Supplied material below:

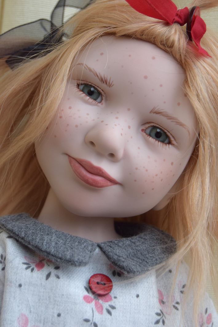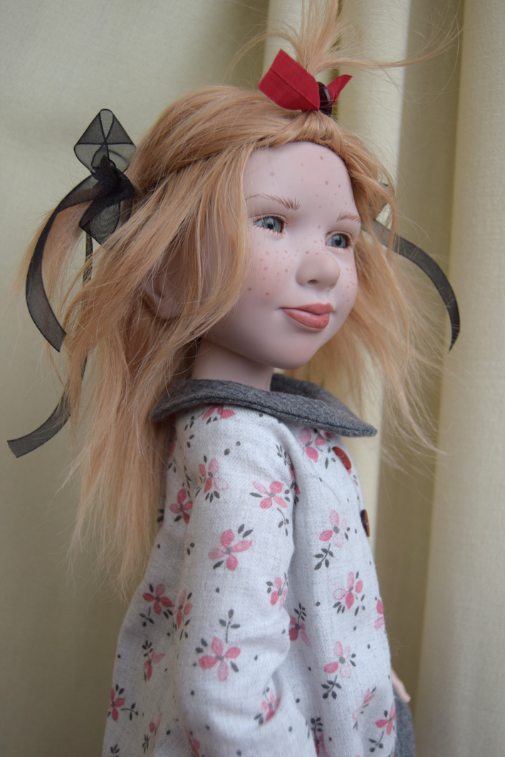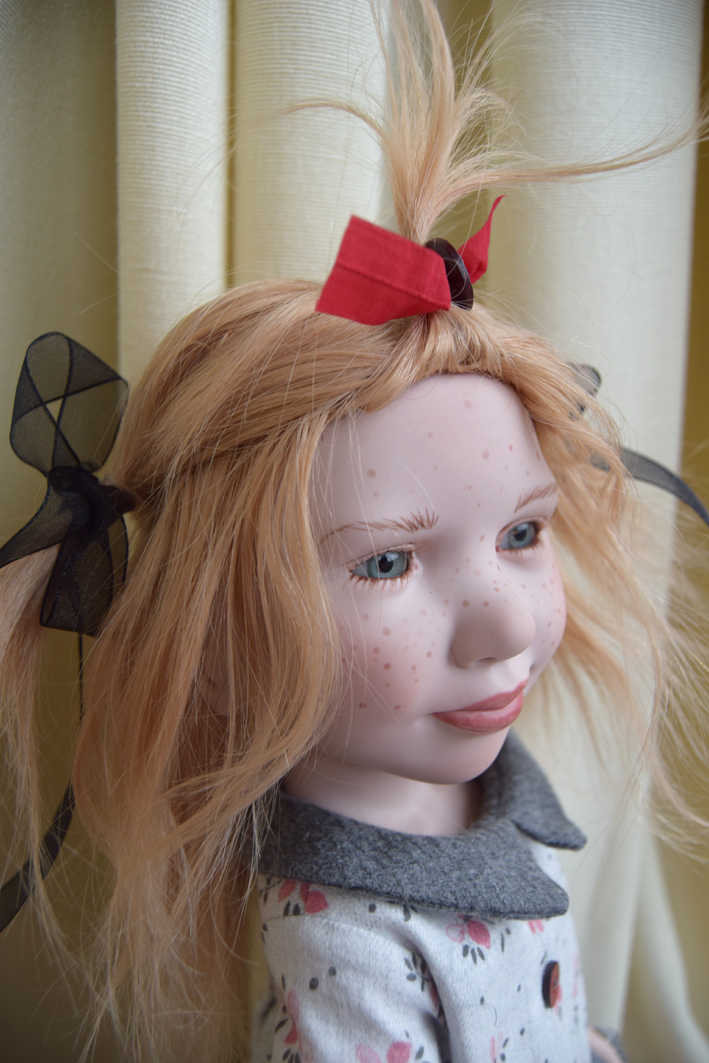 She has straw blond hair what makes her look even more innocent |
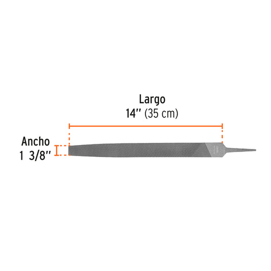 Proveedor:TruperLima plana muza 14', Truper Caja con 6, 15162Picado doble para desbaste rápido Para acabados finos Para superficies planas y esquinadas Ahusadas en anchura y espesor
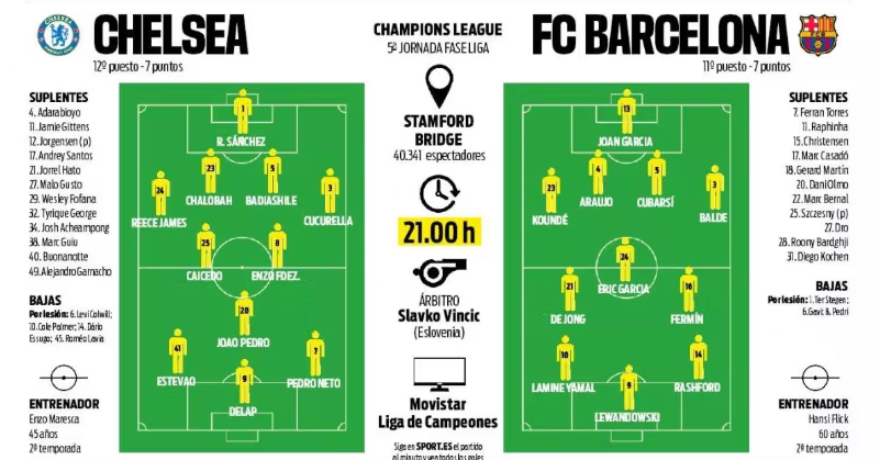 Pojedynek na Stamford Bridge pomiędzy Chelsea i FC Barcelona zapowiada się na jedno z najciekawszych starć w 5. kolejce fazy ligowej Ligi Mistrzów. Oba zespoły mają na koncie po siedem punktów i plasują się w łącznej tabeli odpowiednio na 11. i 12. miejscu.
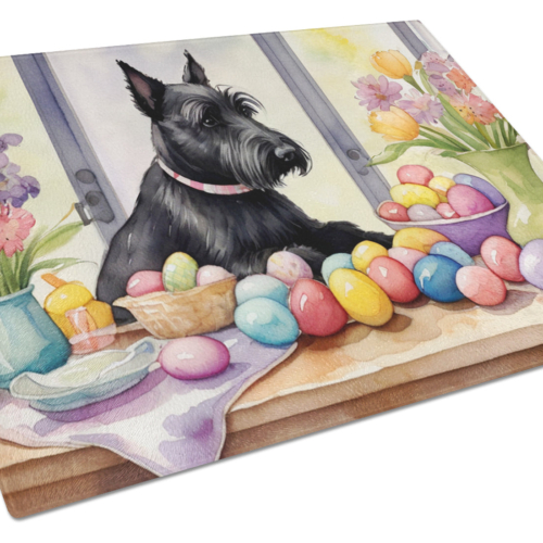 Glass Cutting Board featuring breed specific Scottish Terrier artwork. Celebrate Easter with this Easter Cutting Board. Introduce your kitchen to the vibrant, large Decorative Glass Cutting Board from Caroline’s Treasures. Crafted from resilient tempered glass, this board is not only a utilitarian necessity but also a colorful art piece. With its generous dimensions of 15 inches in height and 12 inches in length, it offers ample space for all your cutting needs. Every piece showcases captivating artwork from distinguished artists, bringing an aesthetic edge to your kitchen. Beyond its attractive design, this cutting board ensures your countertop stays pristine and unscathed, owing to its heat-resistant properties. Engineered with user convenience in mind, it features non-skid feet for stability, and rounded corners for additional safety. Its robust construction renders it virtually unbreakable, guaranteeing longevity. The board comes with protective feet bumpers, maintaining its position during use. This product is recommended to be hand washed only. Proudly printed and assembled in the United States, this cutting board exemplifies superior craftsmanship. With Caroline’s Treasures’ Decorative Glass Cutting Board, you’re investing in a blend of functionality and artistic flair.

End of Supplied material.

→ **What the task requires**
Repeat the listing above from its first line through the line that contains "Proveedor:TruperLima plana muza", both included, and nothing more. Drop the pictures.

→ **Result of the task**
 She has straw blond hair what makes her look even more innocent |
 Proveedor:TruperLima plana muza 14', Truper Caja con 6, 15162Picado doble para desbaste rápido Para acabados finos Para superficies planas y esquinadas Ahusadas en anchura y espesor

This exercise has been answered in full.